[Entries taken from a collection]
════════════════════

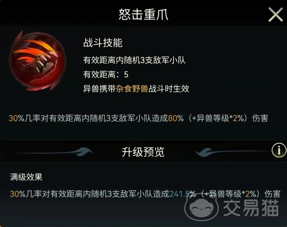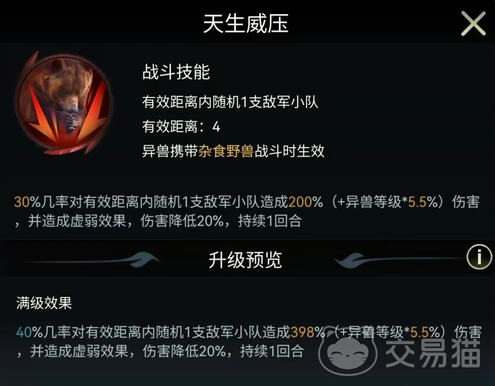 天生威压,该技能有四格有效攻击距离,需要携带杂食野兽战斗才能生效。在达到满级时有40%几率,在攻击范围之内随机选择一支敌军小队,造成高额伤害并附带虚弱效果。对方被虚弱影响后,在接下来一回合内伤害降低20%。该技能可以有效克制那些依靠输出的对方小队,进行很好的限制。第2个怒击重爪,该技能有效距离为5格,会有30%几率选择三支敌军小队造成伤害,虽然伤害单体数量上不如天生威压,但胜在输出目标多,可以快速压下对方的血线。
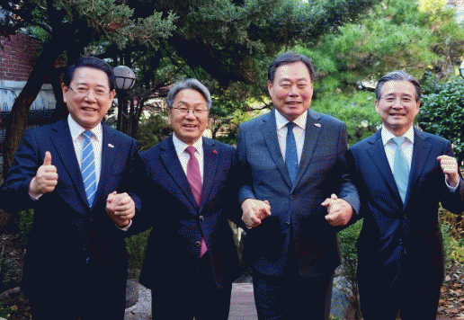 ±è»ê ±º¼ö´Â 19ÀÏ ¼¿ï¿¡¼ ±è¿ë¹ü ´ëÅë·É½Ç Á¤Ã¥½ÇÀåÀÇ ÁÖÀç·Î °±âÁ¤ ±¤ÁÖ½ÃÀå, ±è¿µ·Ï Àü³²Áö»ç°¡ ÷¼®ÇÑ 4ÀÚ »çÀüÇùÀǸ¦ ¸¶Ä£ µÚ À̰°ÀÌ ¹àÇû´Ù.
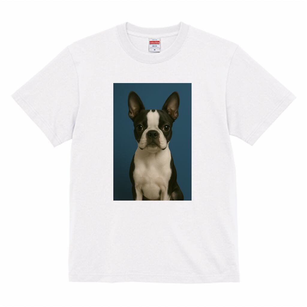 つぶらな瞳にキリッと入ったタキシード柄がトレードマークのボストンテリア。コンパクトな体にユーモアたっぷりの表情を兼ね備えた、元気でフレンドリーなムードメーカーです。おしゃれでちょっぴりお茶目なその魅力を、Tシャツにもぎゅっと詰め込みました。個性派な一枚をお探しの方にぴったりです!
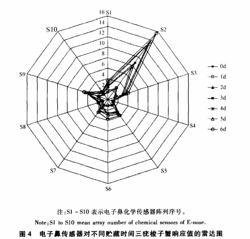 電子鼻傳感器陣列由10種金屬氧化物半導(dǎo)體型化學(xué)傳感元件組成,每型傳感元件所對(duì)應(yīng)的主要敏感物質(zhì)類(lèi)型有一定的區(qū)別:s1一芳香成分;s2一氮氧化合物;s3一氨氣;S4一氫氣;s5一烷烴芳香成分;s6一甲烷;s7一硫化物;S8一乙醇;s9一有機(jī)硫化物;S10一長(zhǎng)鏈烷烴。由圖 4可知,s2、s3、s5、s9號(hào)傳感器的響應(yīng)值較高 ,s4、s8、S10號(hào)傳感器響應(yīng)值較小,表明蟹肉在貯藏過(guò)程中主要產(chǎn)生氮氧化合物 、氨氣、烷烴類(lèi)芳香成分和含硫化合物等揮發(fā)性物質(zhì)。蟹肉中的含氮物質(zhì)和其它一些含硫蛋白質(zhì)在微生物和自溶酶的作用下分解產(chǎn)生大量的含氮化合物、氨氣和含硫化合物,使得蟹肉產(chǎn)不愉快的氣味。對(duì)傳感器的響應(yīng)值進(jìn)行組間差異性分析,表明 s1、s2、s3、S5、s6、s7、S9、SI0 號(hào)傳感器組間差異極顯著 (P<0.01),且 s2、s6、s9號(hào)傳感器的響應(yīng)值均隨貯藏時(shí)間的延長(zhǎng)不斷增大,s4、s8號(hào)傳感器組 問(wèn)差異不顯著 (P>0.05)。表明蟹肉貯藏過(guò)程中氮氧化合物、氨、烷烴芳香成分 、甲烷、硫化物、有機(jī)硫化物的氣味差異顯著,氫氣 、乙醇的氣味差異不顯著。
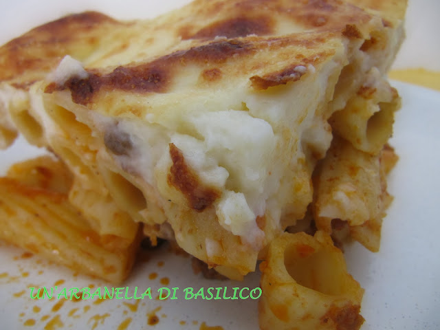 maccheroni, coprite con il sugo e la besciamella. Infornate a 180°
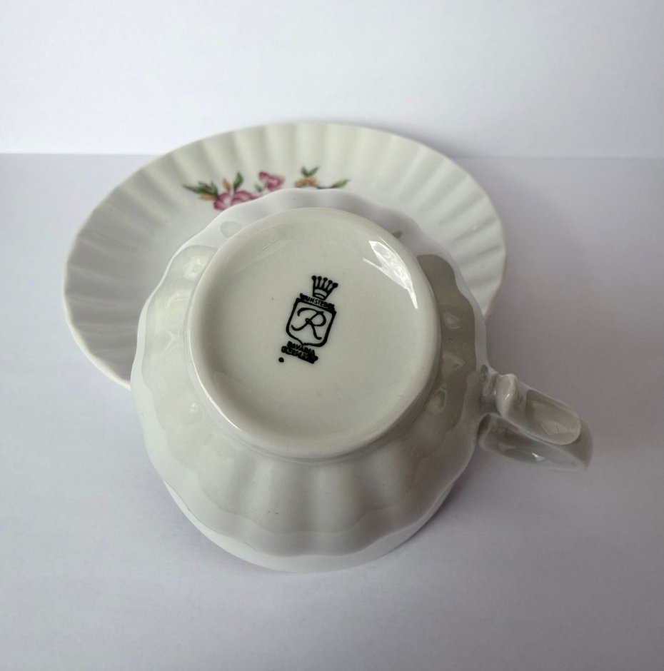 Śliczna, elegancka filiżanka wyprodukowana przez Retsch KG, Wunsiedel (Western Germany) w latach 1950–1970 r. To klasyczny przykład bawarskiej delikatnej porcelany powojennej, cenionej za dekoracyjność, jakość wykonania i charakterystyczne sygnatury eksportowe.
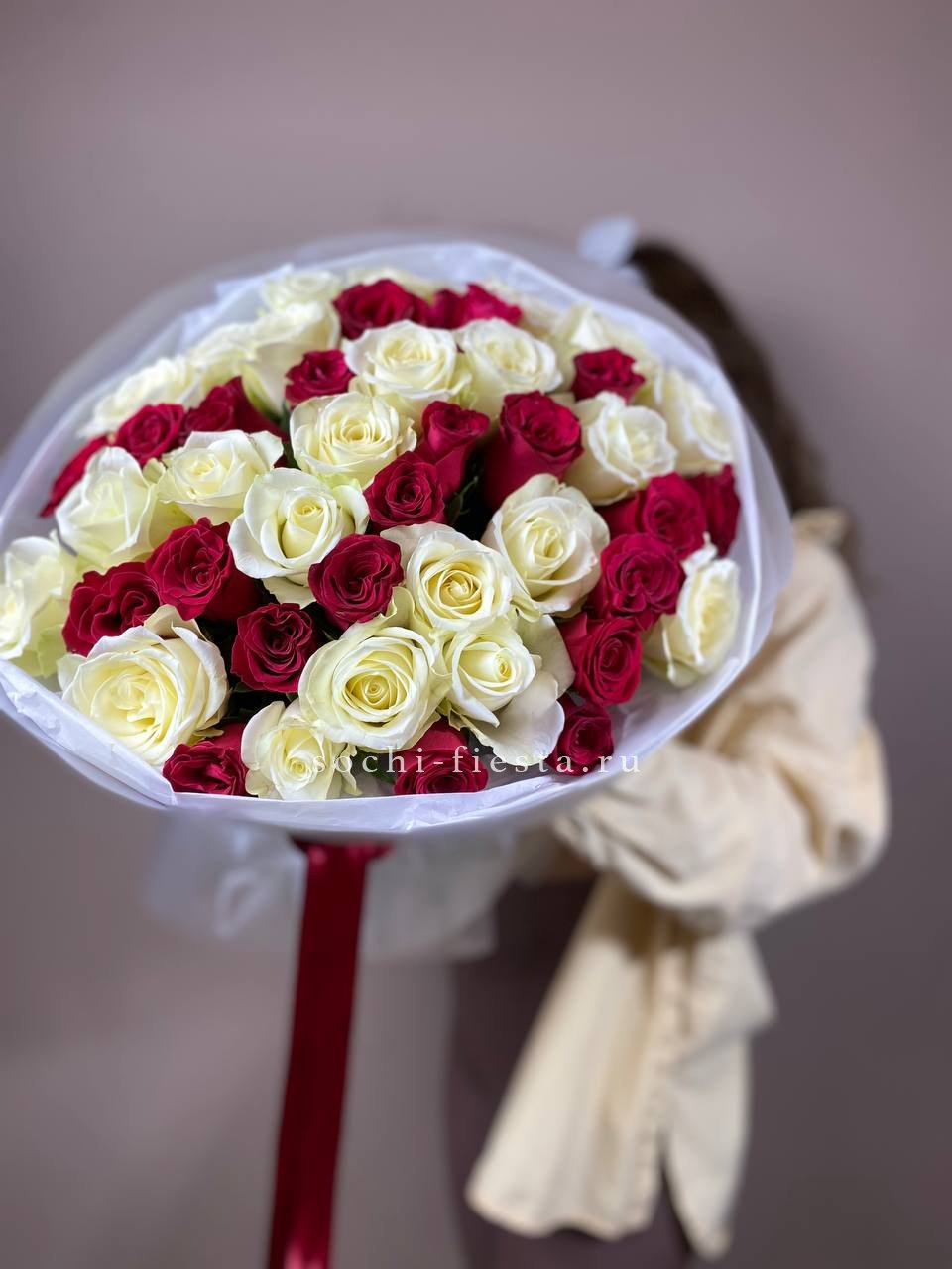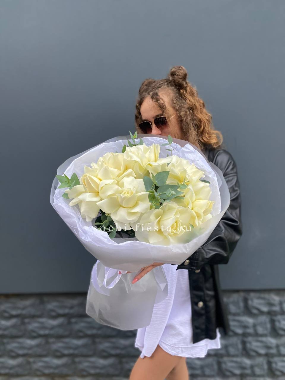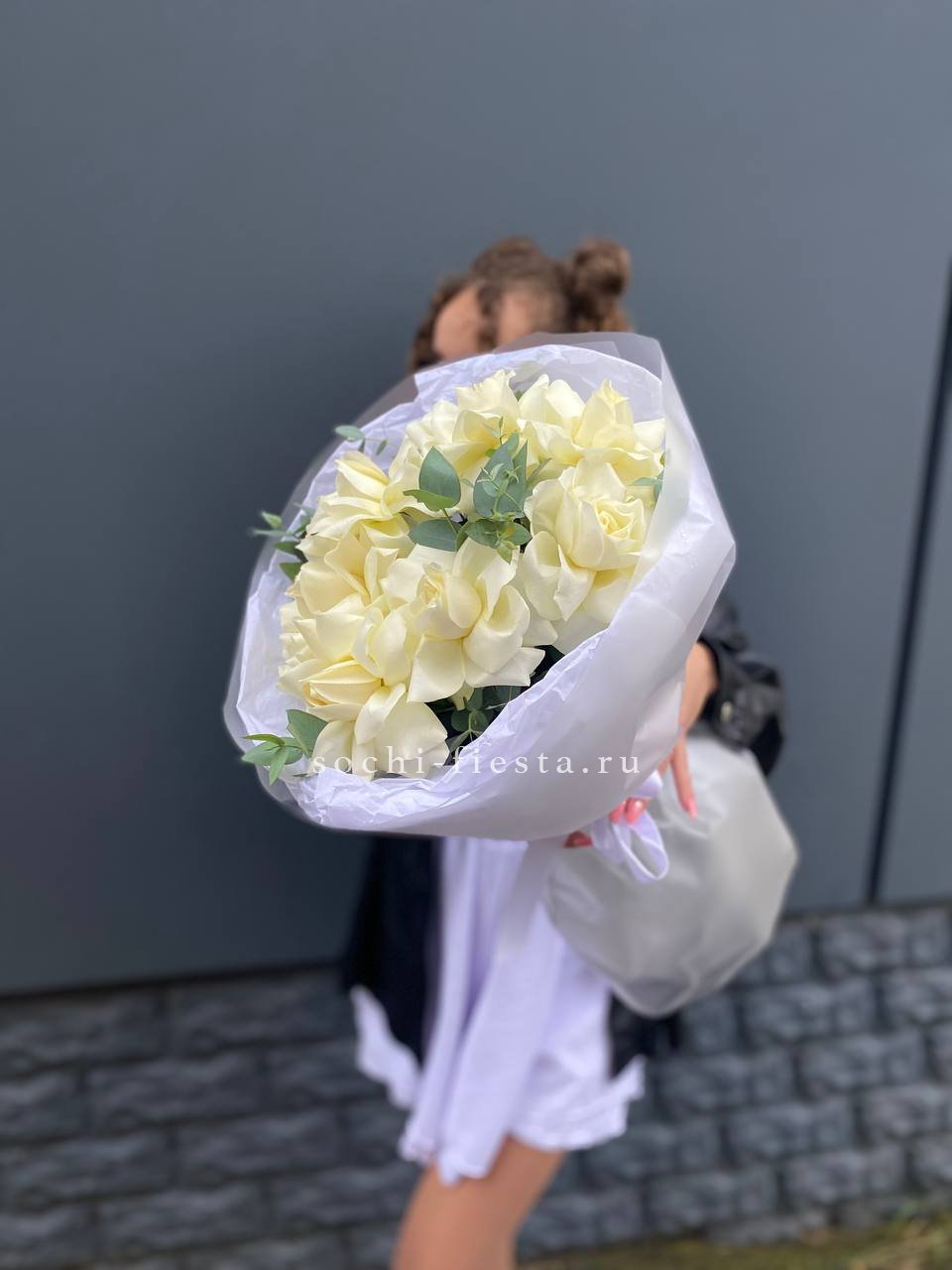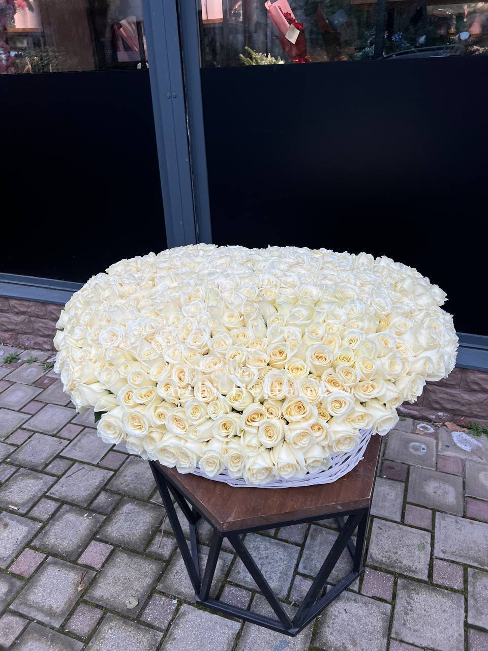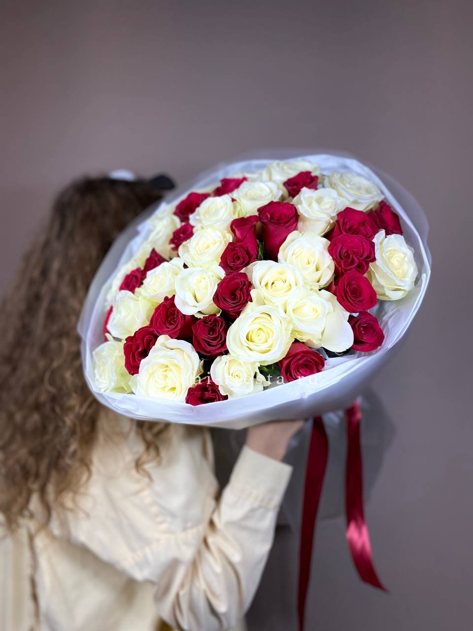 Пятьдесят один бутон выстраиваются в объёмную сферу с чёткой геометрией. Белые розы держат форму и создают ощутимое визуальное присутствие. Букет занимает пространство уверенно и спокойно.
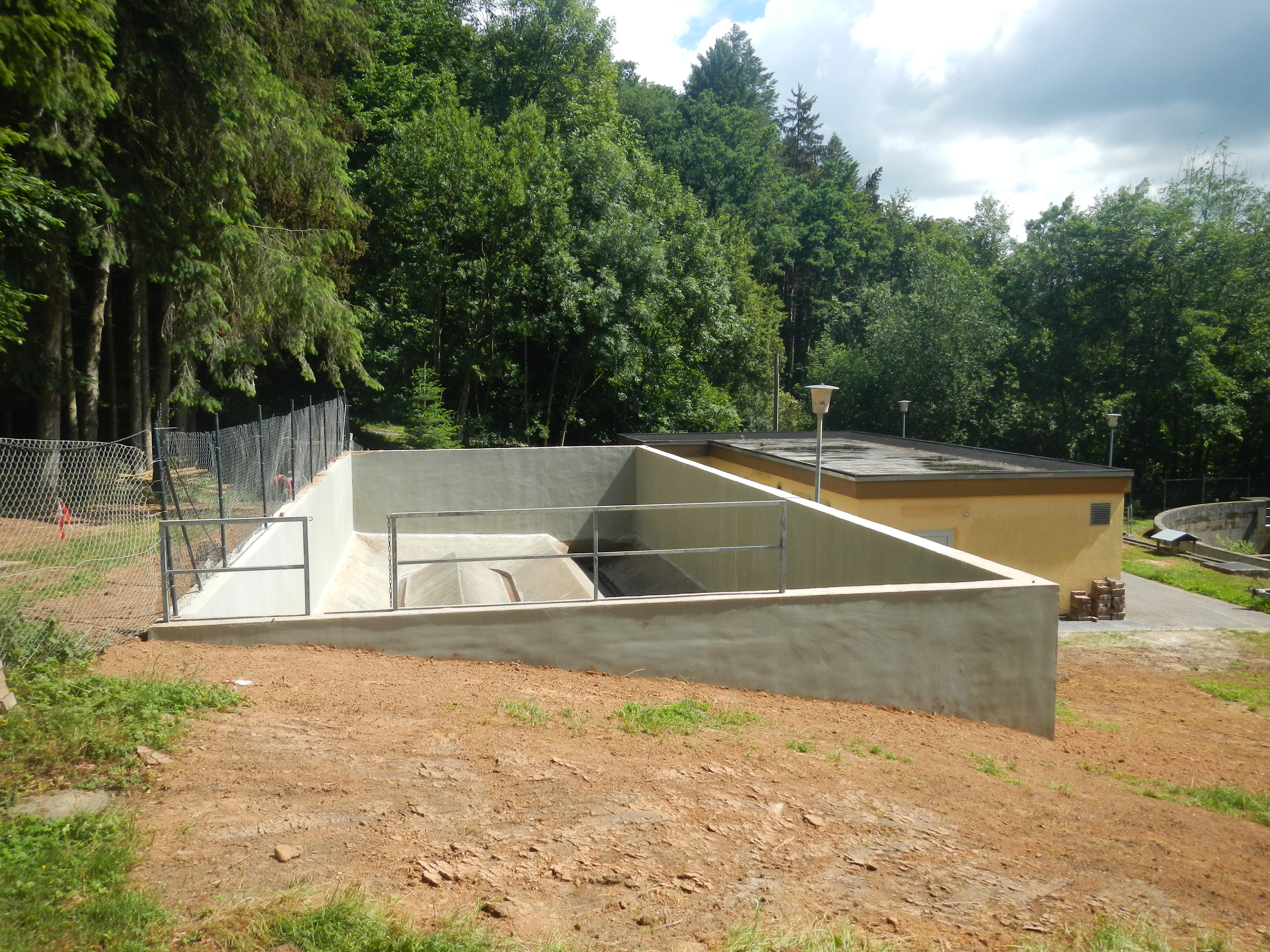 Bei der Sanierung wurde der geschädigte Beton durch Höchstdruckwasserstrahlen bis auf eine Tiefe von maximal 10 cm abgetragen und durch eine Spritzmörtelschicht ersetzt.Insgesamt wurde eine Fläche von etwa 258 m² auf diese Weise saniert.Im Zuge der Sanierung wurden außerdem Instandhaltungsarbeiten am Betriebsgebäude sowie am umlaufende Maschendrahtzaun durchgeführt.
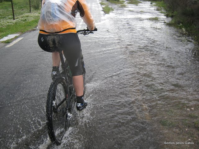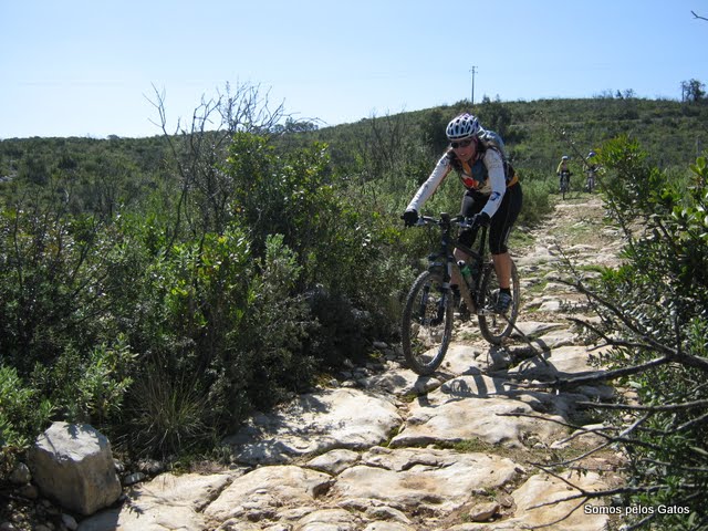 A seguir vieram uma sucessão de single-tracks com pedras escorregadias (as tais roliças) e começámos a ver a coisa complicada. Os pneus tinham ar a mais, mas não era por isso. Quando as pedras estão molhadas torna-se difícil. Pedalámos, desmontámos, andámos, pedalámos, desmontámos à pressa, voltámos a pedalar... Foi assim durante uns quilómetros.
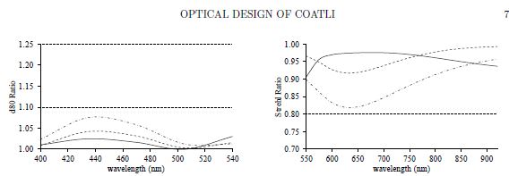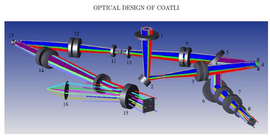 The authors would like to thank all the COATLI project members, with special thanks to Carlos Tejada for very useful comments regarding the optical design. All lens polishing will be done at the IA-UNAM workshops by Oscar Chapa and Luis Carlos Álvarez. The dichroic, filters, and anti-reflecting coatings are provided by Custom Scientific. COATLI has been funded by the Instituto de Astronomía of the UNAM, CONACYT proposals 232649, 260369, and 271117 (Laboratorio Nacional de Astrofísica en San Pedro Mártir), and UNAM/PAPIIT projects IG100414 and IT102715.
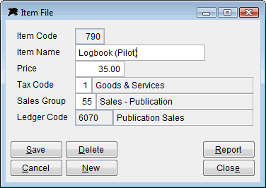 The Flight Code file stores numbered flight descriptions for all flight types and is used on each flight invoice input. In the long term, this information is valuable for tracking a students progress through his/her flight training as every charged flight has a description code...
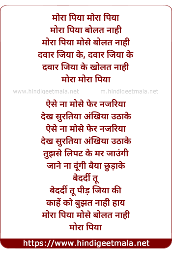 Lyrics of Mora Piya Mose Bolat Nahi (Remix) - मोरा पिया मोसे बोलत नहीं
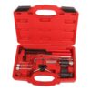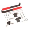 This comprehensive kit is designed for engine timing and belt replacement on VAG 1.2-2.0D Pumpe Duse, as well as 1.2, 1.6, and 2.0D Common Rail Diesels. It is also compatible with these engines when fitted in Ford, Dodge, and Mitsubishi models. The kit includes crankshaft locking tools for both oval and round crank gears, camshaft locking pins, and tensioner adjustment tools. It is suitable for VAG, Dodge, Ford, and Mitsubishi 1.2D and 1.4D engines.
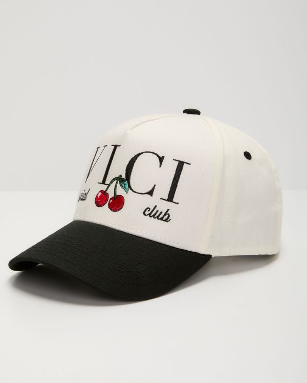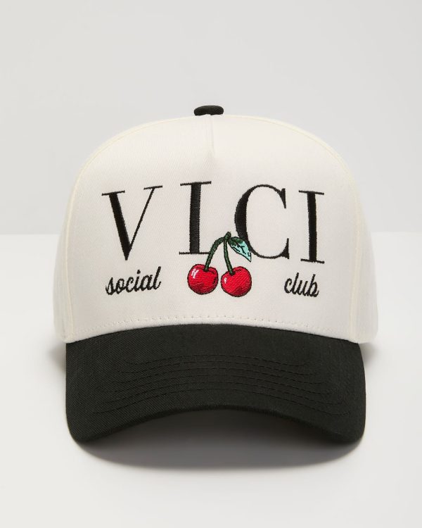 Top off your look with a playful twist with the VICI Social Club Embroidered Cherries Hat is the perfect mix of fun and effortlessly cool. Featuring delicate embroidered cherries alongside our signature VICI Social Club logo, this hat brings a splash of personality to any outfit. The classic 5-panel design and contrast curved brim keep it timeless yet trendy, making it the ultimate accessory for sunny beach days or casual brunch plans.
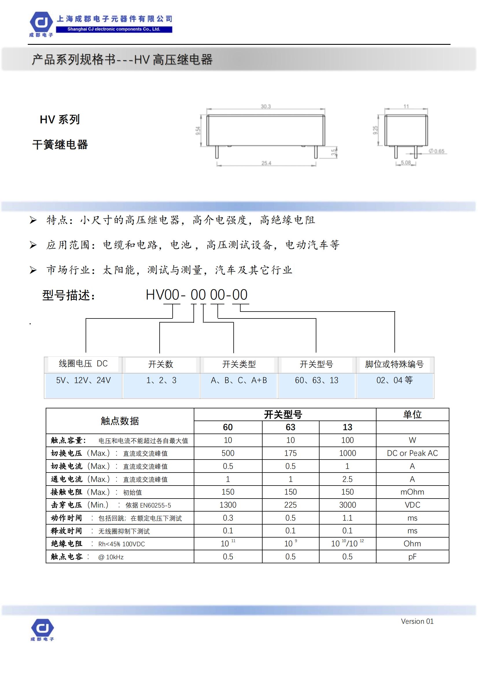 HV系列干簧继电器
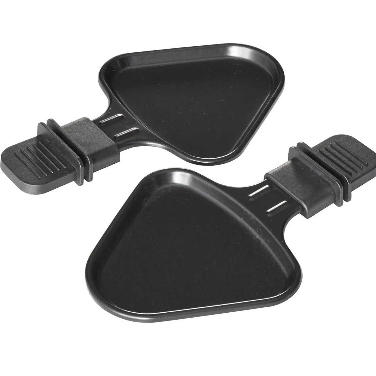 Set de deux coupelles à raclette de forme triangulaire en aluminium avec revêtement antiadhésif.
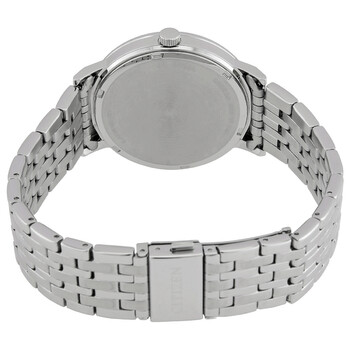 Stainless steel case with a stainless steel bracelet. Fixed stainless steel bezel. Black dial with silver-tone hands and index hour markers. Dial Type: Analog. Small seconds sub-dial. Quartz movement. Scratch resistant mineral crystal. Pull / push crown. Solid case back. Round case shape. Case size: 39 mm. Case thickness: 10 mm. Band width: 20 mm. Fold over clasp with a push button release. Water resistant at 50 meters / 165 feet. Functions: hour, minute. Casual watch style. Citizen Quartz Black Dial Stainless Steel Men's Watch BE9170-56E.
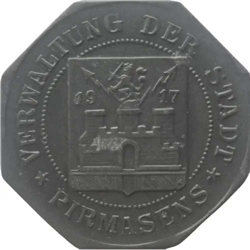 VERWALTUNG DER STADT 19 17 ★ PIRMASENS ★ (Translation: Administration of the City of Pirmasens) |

════════════════════

PROBLEM: Please restate the lines above exactly, starting at the first line of the data and stopping at the line containing "Пятьдесят один бутон", which is included. Omit pictures.

RESPONSE AREA:
 天生威压,该技能有四格有效攻击距离,需要携带杂食野兽战斗才能生效。在达到满级时有40%几率,在攻击范围之内随机选择一支敌军小队,造成高额伤害并附带虚弱效果。对方被虚弱影响后,在接下来一回合内伤害降低20%。该技能可以有效克制那些依靠输出的对方小队,进行很好的限制。第2个怒击重爪,该技能有效距离为5格,会有30%几率选择三支敌军小队造成伤害,虽然伤害单体数量上不如天生威压,但胜在输出目标多,可以快速压下对方的血线。
 ±è»ê ±º¼ö´Â 19ÀÏ ¼¿ï¿¡¼ ±è¿ë¹ü ´ëÅë·É½Ç Á¤Ã¥½ÇÀåÀÇ ÁÖÀç·Î °±âÁ¤ ±¤ÁÖ½ÃÀå, ±è¿µ·Ï Àü³²Áö»ç°¡ ÷¼®ÇÑ 4ÀÚ »çÀüÇùÀǸ¦ ¸¶Ä£ µÚ À̰°ÀÌ ¹àÇû´Ù.
 つぶらな瞳にキリッと入ったタキシード柄がトレードマークのボストンテリア。コンパクトな体にユーモアたっぷりの表情を兼ね備えた、元気でフレンドリーなムードメーカーです。おしゃれでちょっぴりお茶目なその魅力を、Tシャツにもぎゅっと詰め込みました。個性派な一枚をお探しの方にぴったりです!
 電子鼻傳感器陣列由10種金屬氧化物半導(dǎo)體型化學(xué)傳感元件組成,每型傳感元件所對(duì)應(yīng)的主要敏感物質(zhì)類(lèi)型有一定的區(qū)別:s1一芳香成分;s2一氮氧化合物;s3一氨氣;S4一氫氣;s5一烷烴芳香成分;s6一甲烷;s7一硫化物;S8一乙醇;s9一有機(jī)硫化物;S10一長(zhǎng)鏈烷烴。由圖 4可知,s2、s3、s5、s9號(hào)傳感器的響應(yīng)值較高 ,s4、s8、S10號(hào)傳感器響應(yīng)值較小,表明蟹肉在貯藏過(guò)程中主要產(chǎn)生氮氧化合物 、氨氣、烷烴類(lèi)芳香成分和含硫化合物等揮發(fā)性物質(zhì)。蟹肉中的含氮物質(zhì)和其它一些含硫蛋白質(zhì)在微生物和自溶酶的作用下分解產(chǎn)生大量的含氮化合物、氨氣和含硫化合物,使得蟹肉產(chǎn)不愉快的氣味。對(duì)傳感器的響應(yīng)值進(jìn)行組間差異性分析,表明 s1、s2、s3、S5、s6、s7、S9、SI0 號(hào)傳感器組間差異極顯著 (P<0.01),且 s2、s6、s9號(hào)傳感器的響應(yīng)值均隨貯藏時(shí)間的延長(zhǎng)不斷增大,s4、s8號(hào)傳感器組 問(wèn)差異不顯著 (P>0.05)。表明蟹肉貯藏過(guò)程中氮氧化合物、氨、烷烴芳香成分 、甲烷、硫化物、有機(jī)硫化物的氣味差異顯著,氫氣 、乙醇的氣味差異不顯著。
 maccheroni, coprite con il sugo e la besciamella. Infornate a 180°
 Śliczna, elegancka filiżanka wyprodukowana przez Retsch KG, Wunsiedel (Western Germany) w latach 1950–1970 r. To klasyczny przykład bawarskiej delikatnej porcelany powojennej, cenionej za dekoracyjność, jakość wykonania i charakterystyczne sygnatury eksportowe.
 Пятьдесят один бутон выстраиваются в объёмную сферу с чёткой геометрией. Белые розы держат форму и создают ощутимое визуальное присутствие. Букет занимает пространство уверенно и спокойно.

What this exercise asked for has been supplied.